New guides to help you develop with Qt Quick – faster!

Published Friday November 25th, 2011
31 Comments on New guides to help you develop with Qt Quick – faster!
Posted in Community | Tags:

We’ve been busy, and we hope you like what we’ve done!

You told us through surveys and direct feedback that the most valuable learning tools are those that give you practical hand-on experience – tutorials, examples, code samples. We’ve combined all of these and more into two brand new Qt Developer Guides just published at One of the guides helps you develop feature-rich applications for the desktop, and the other offers guidance on producing amazing apps for the 155 million+ Qt-enabled smartphones out there.

Both guides take you on a detailed step-by-step journey starting with a UI concept and progressing to a deployable application. They will give you a “training-course-experience” with the convenience of not leaving your own desktop.

1.       Programming with Qt Quick for Symbian^3 Devices
This guide will familiarize you with programming with QML using Qt Quick Components for Symbian. It will walk you through the development of a Todo List application for recording daily and upcoming list of tasks to be completed, sorting them into several categories and managing them. It covers various aspects of Qt Quick and especially Qt Quick Symbian Components programming such as the page navigation concept, database storage and the use of animation to edit, create or display details.

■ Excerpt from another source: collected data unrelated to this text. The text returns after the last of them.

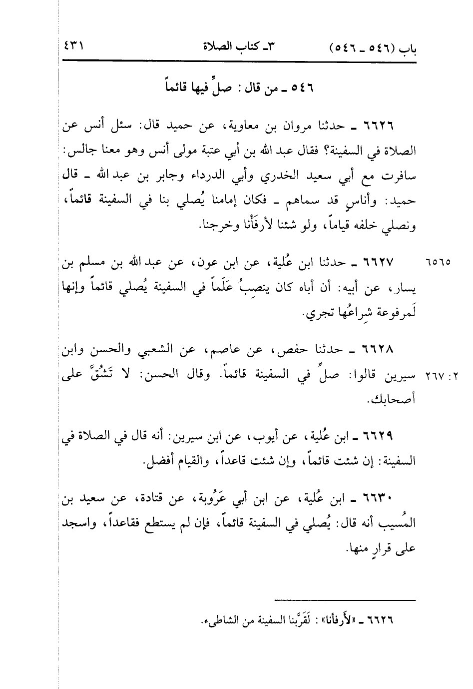 6626- حَدَّثَنَا مَرْوَانُ بْنُ مُعَاوِيَةَ ، عَنْ حُمَيْدٍ ، قَالَ : سُئِلَ أَنَسٌ عَنِ الصَّلاَة فِي السَّفِينَةِ ؟ فَقَالَ عَبْدُ اللهِ بْنُ أَبِي عُتْبَةَ مَوْلَى أَنَسٍ ، وَهُوَ مَعَنَا جَالِسٌ : سَافَرْتُ مَعَ أَبِي سَعِيدٍ الْخُدْرِيِّ ، وَأَبِي الدَّرْدَاءِ ، وَجَابِرِ بْنِ عَبْدِ اللهِ ، قَالَ حُمَيْدُ : وَأُنَاسٍ قَدْ سَمَّاهُمْ ، فَكَانَ إِمَامُنَا يُصَلِّي بِنَا فِي السَّفِينَةِ قَائِمًا ، وَنُصَلِّي خَلْفَهُ قِيَامًا ، وَلَوْ شِئْنَا لأَرْفَأنَا وَخَرَجْنَا.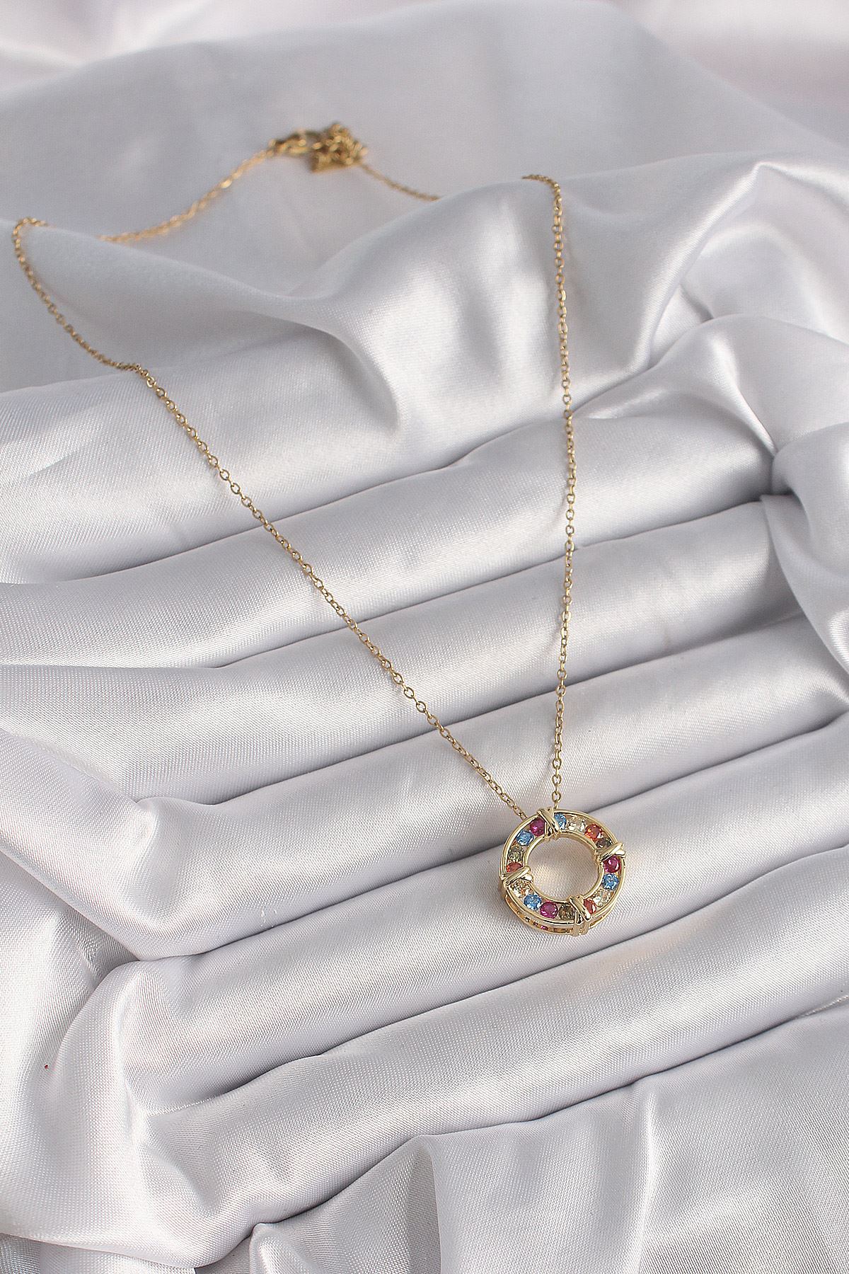 316L Çelik Gold Renk Zincir Renkli Zirkon Taşlı Xoxo Model Kadın Kolye - TJ-BKO9628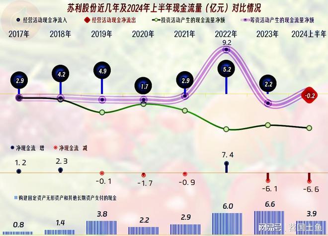 苏利股份“经营活动的净现金流”表现还是不错的,在2024年上半年表现得要相对差一些,出现了小额净流出的情况。在2022年定增近10亿元融资后,最近两年半的固定资产类投资活动明显增强。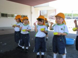 シャボン玉や水鉄砲として遊びました。大きなシャボン玉を作ろうと息をそっとふいたり、強く吹いて小さなシャボン玉をたくさん作ったりして喜んで遊んでいました。水鉄砲の使い方を覚えて、オバケの的に勢いよく水を当てることも楽しんでいました。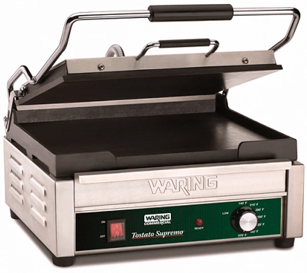 Гриль контактный Waring WFG250E идеально подходит для приготовления жареных сэндвичей с панини, гамбургеров, курицы, овощей и многого другого на гриле в итальянском стиле на предприятиях общественного питания и торговли.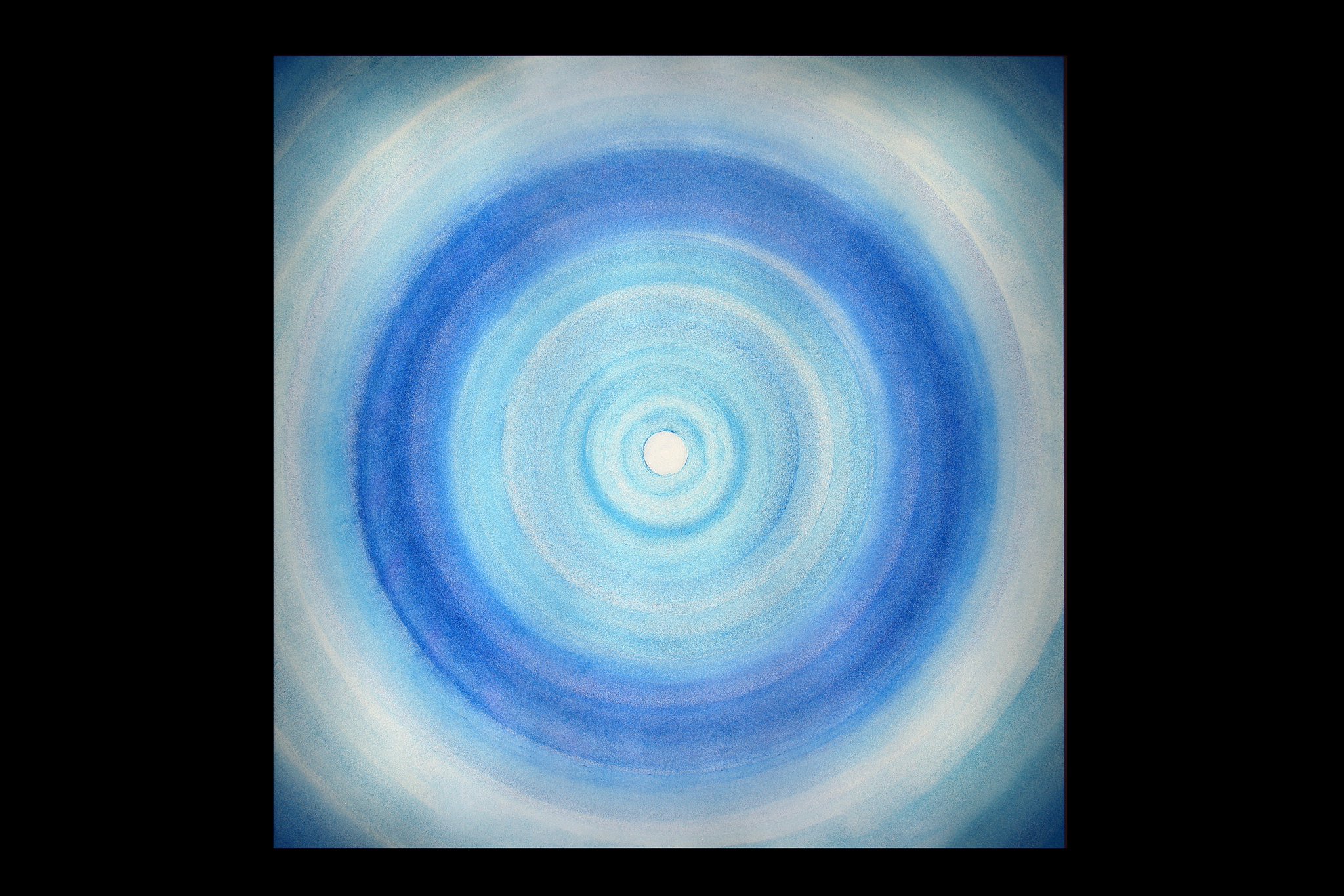 Tableau lumineux inspiré de l'arc-en-ciel. Grand cercle aux nuances de bleu.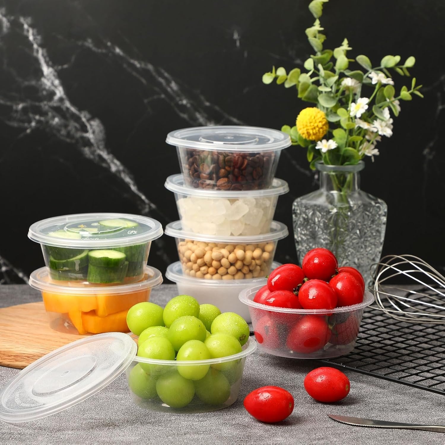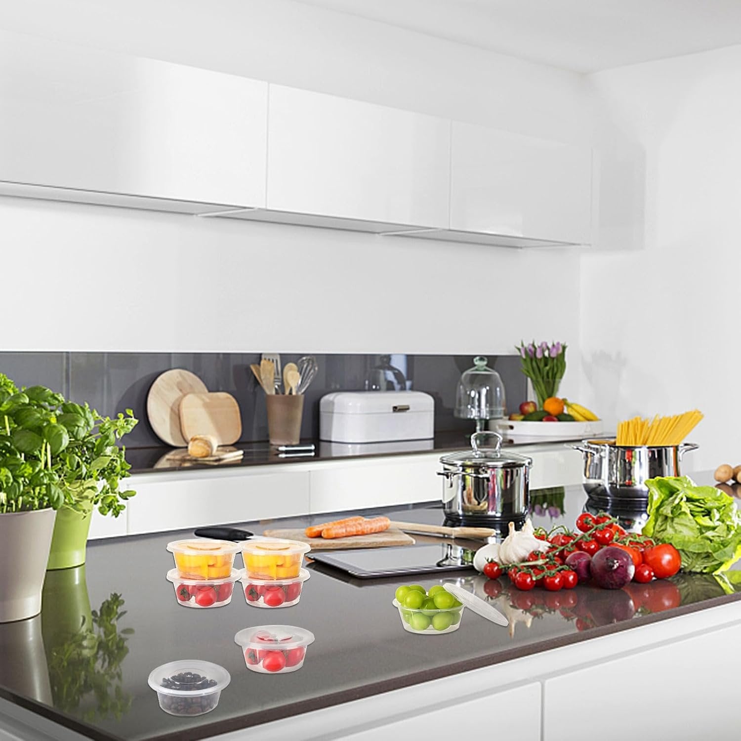 Augshy 40 Pack Small Slime Containers with Lids, Jello Shot Cups Condiment Containers Plastic Portion Cups with Lids for Sauce Salad Dressing Food Storage Containers(6 oz)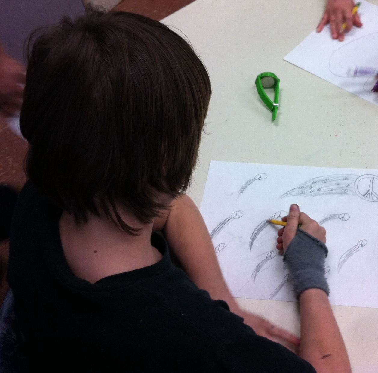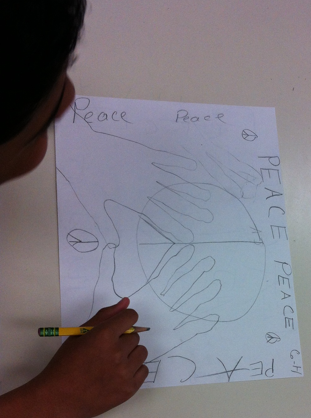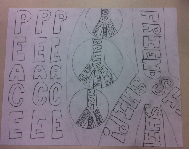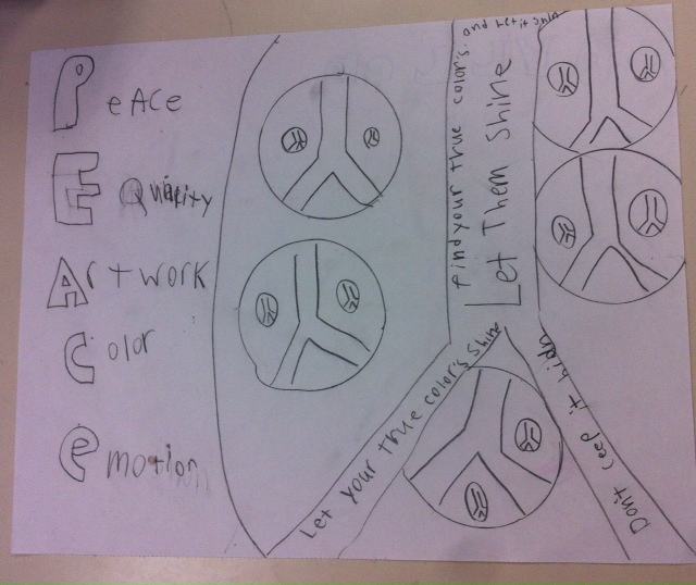 Sixth grade students participated in a brainstorming session in Art today with guest artist Mrs. Tallman in order to start to develop ideas for a Peace Mural on the Kickball Wall. Students shared their response to the question, “What does peace look like at Mills Lawn?” as part of the brainstorming process. Some of their responses included: Cooperation; Respect; Getting along; Calm; Relating to others; and friendship.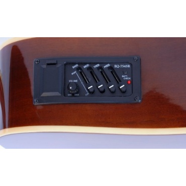 Besonders praktisch zeigt sich der integrierte Tonabnehmer sowie der Equalizer. Batterien hierfür werden ebenfalls direkt mitgeliefert. Der Saitenhalter ist aufgeleimt. Dies sorgr für eine optimale Entfaltung des Klangs und sorgt für keinerlei Beeinträchtigungen. Steg, Sattel sowie die Abrichtung der 20 Bünde können einfach und schnell ohne Probleme und großen Aufwand eingestellt werden.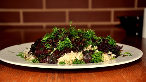 Ugotowane i jeszcze ciepłe buraki pokrój w ćwiartki. Na patelni podsmaż posiekaną cebulę i słonecznik, dodaj kawałki buraków, rozdrobniony czosnek, przypraw i duś pod przykryciem około 10 min. W międzyczasie ugotuj ryż a potem połącz go z zawartością patelni. Na talerzu udekoruj dużą ilością posiekanej natki pietruszki i kopru.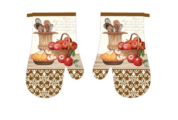 Kuchynská rukavica (chňapka) v béžovo hnedej farbe. Rukavica má praktické pútko. Ich veľkosť je 16×27 cm a sú vyrobené z 90% polyesteru a z 10% bavlny.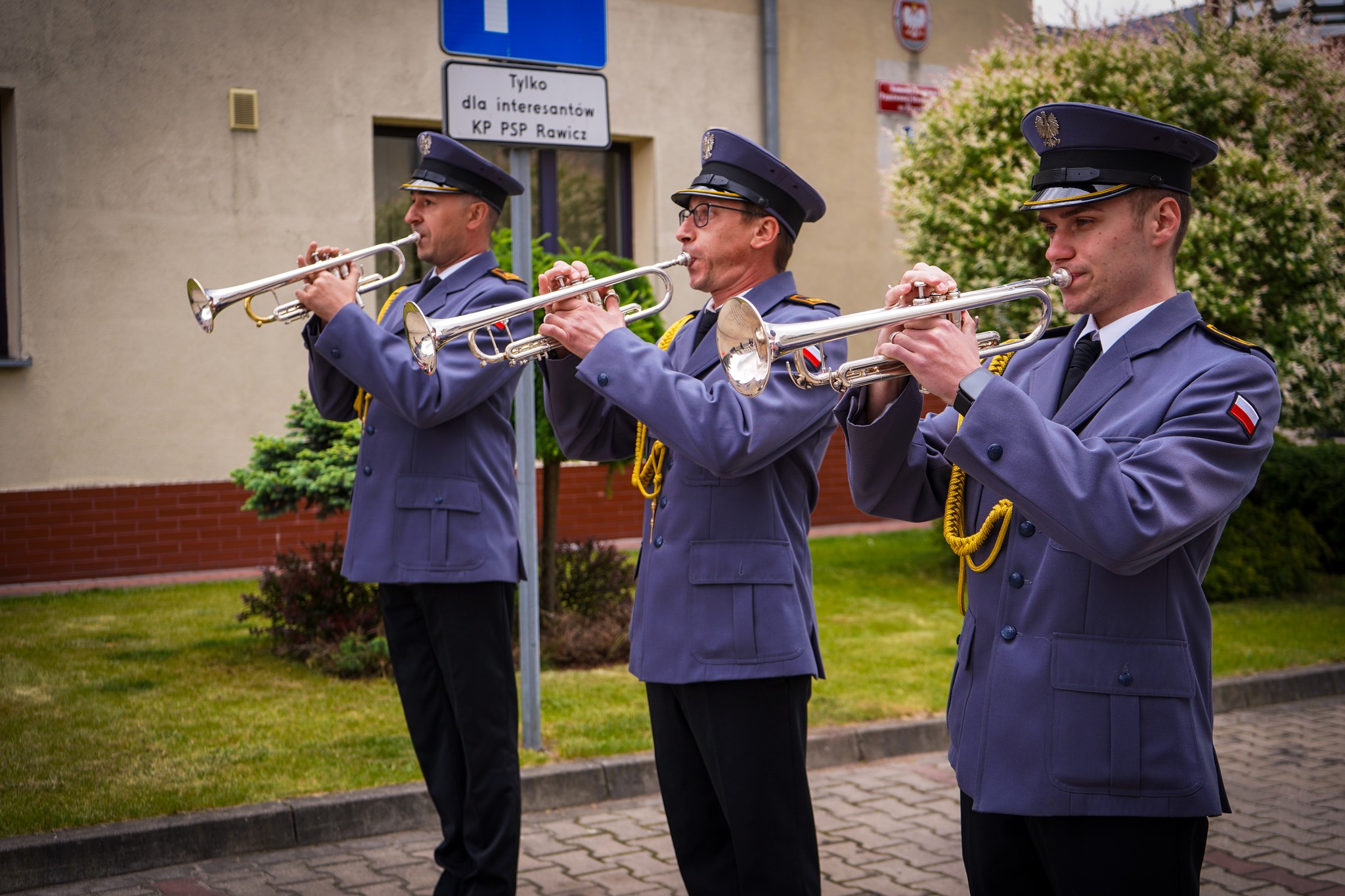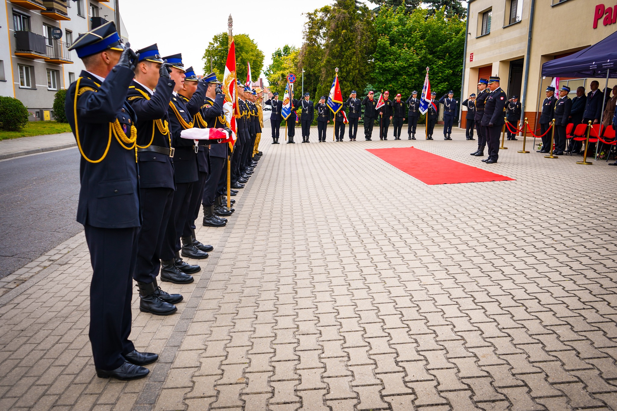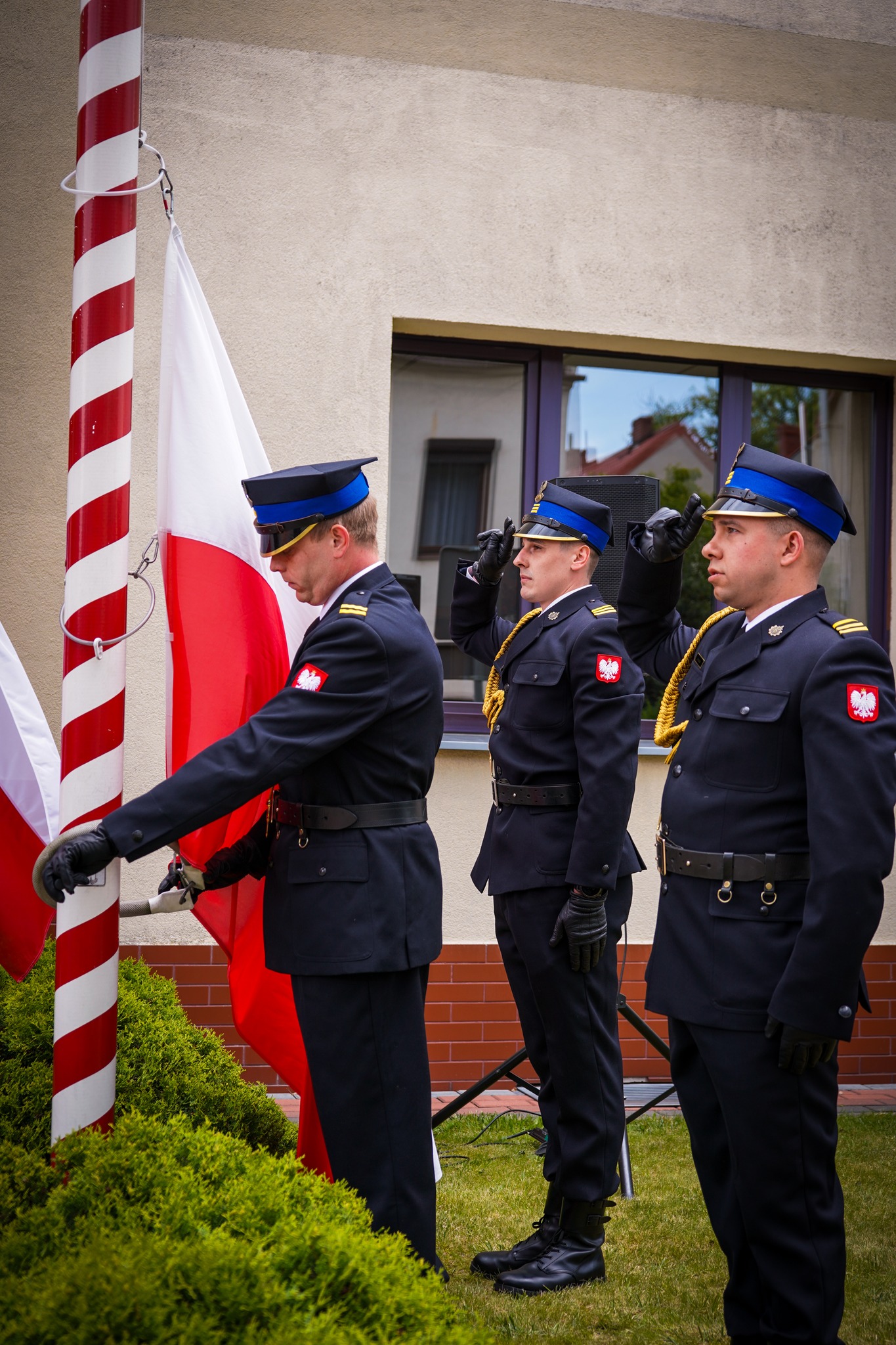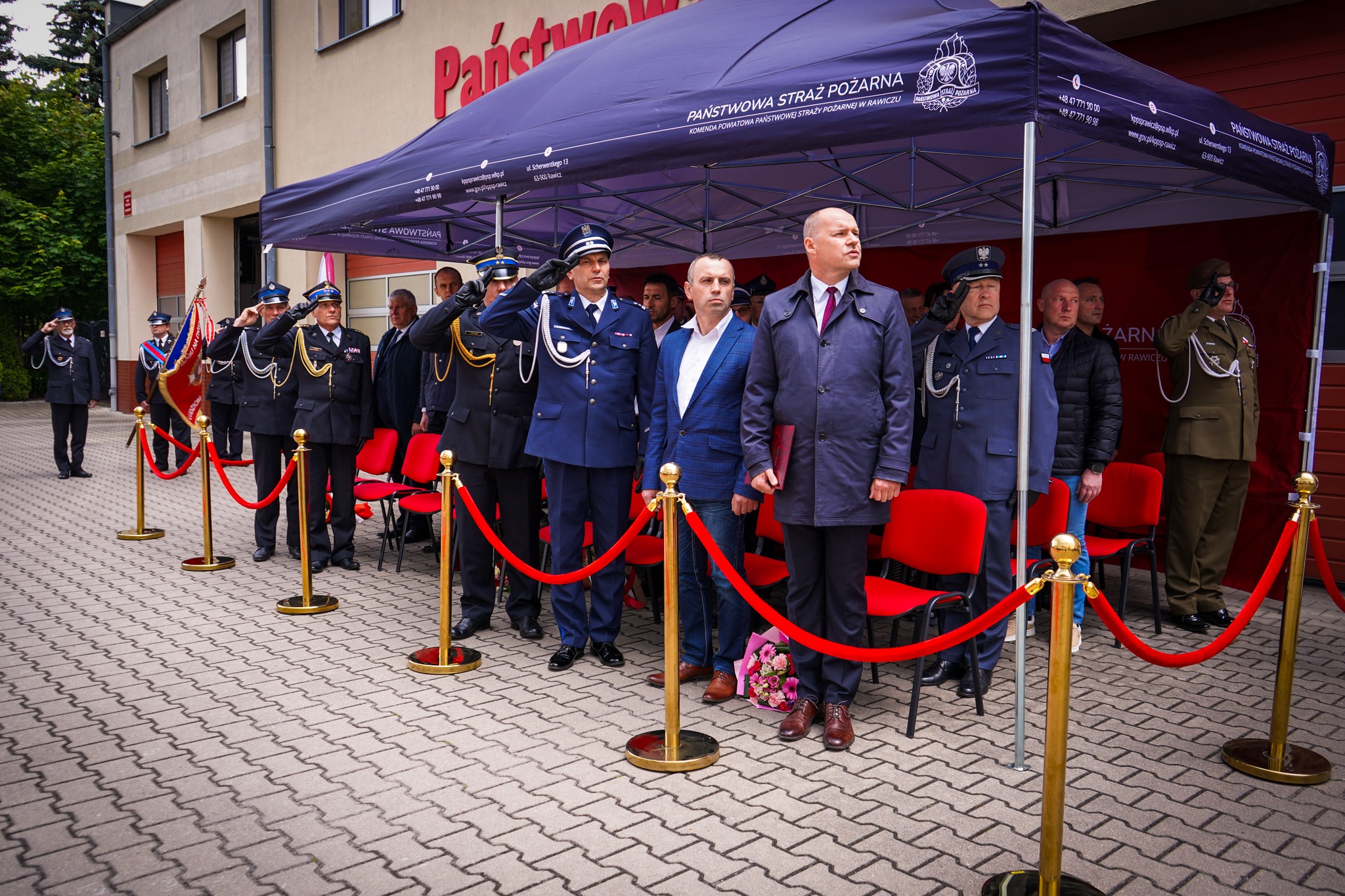 Następnie poczet flagowy w składzie st. sekc. Michał Stećko, sekc. Krystian Kosiuba i st. sekc. Jakub Klima, przy dźwiękach Mazurka Dąbrowskiego dokonał podniesienia flagi państwowej na maszt, po czym okolicznościowe przemówienie bryg. Jakub Stryjak, komendant powiatowy PSP w Rawiczu.
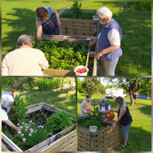 Magaságyásunk újabb palántákkal gazdagodott a szorgos kezek által és közösen „leszüreteltük” a levelek között megbúvó első eperszemeket!

2.       Qt Quick Application Developer Guide for Desktop
This guide walks you through the implementation of a simple application called NoteApp inspired by the modern fluid UIs. NoteApp is a tool for managing daily notes which uses various advanced UI concepts including animations, database storage and Javascript usage for application logic rather than common well-known UI Elements used in desktop applications such as toolbars, menus and dialogs
The guides are available now in PDF, ePub and QtHelp formats.

If you like them, tell us so we can continue to produce more. If you want us to improve them, tell us how. Please give us feedback here:
–       Feedback on “Programming with Qt Quick for Symbian^3 Devices”
–       Feedback on “Qt Quick Application Developer Guide for Desktop”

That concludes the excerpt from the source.